Thomas Kuhn was an American physicist born on July 18, 1922 in Cincinnati, Ohio. He was raised in a family that strongly valued science considering his father was an engineer and instilled in him a passion for the subject. After graduating from The Taft School, a private school in Connecticut, he attended Harvard University to study physics. To support himself, Kuhn taught as a professor at various universities, including Harvard, UC Berkeley, Massachusetts Institute of Technology, and Princeton. His foray into novel writing began with the publication of his first book, The Copernican Revolution (1957), which explored scientific theory during the Renaissance.

In 1962, Kuhn released his second book entitled The Structure of Scientific Revolutions. It discusses the history of scientific thought and how developing theories are altered over time. For example, he references the Ptolemaic system, a model of the Solar System in which the Earth is at the center. It was not until the Copernican Revolution of the 16th century that more people started to accept the Heliocentric model that put the sun at the center of the universe. Kuhn asserts that these watershed moments in science history only occur when individuals challenge what is commonly accepted by society.

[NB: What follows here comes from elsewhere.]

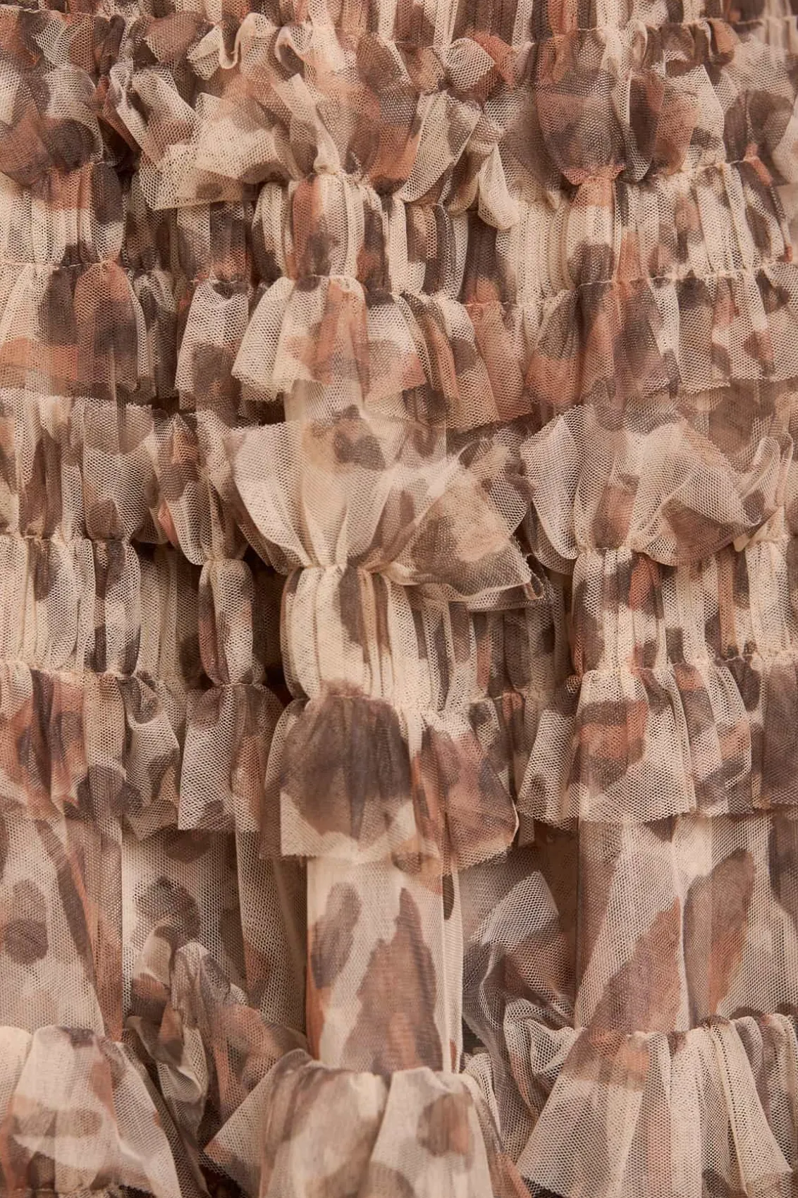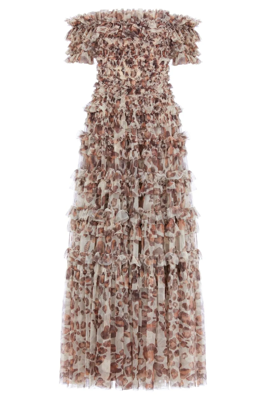 The Leopard Lisette Off-Shoulder Gown in Moonshine. This dress features a statement print that was hand-painted in-house using watercolour, with soft leopard motifs varying in scale and showcasing watery definition. This statement gown has an elegant off-the-shoulder design inspired by Hollywood styling. Crafted with textile tulle and double-stitched frills for a dramatic, romantic effect. Features an integrated corset for a perfect fit and to hold the silhouette. Expect all eyes on you in this romantic gown.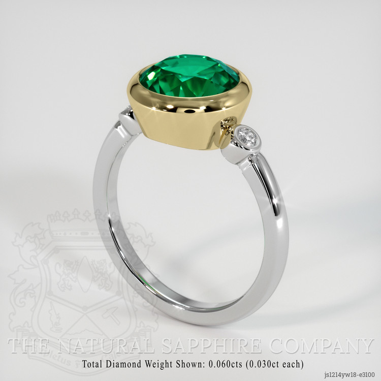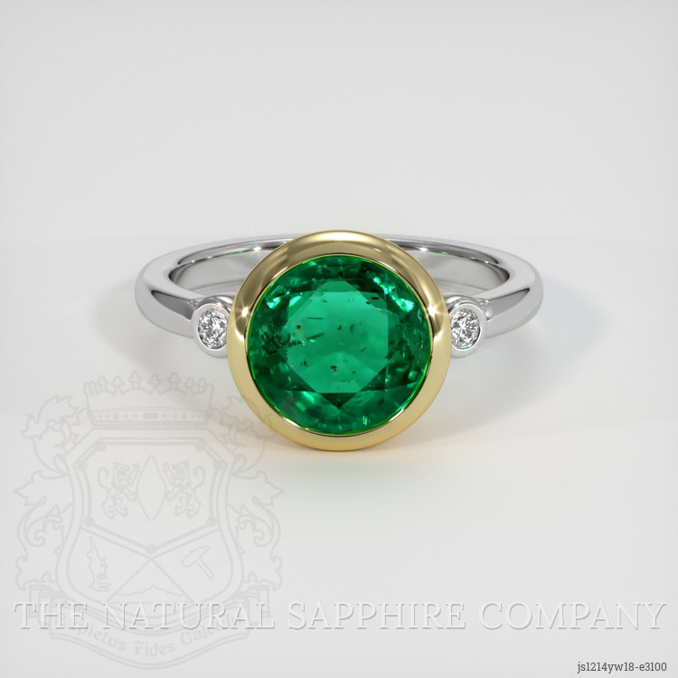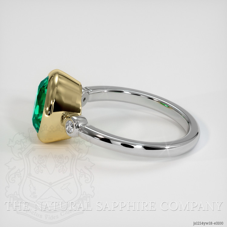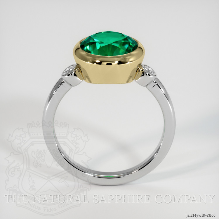 Accompanying this magnificent emerald are delicate white round diamonds, weighing approximately 0.06 carats. These diamonds, with their very slightly included clarity grade (VS1, VS2) and a color grade of F, flawlessly accentuate the emerald's rich color while adding a subtle touch of brilliance. Set entirely in a harmonious combination of 18K yellow gold and 18K white gold, the dual tones create a striking contrast, enhancing the regal appearance of the gemstones. This ring by The Natural Emerald Company is not only a display of exceptional craftsmanship but also a testament to the enduring elegance of emeralds, perfect for those who appreciate tradition and legacy in their jewelry.

Upon its publication, The Structure of Scientific Revolutions was not an immediate bestseller, but over the years, it has sold over 1.4 million copies globally. Writer Scott London praised Kuhn for “shattering our conventional way of looking at change” and “representing perhaps the best thinking on how transformation happens, who drives it, why it’s so vehemently resisted, and what it really asks of people.” Thus, Kuhn’s novel remains as one of the best studies of scientific philosophy to this day.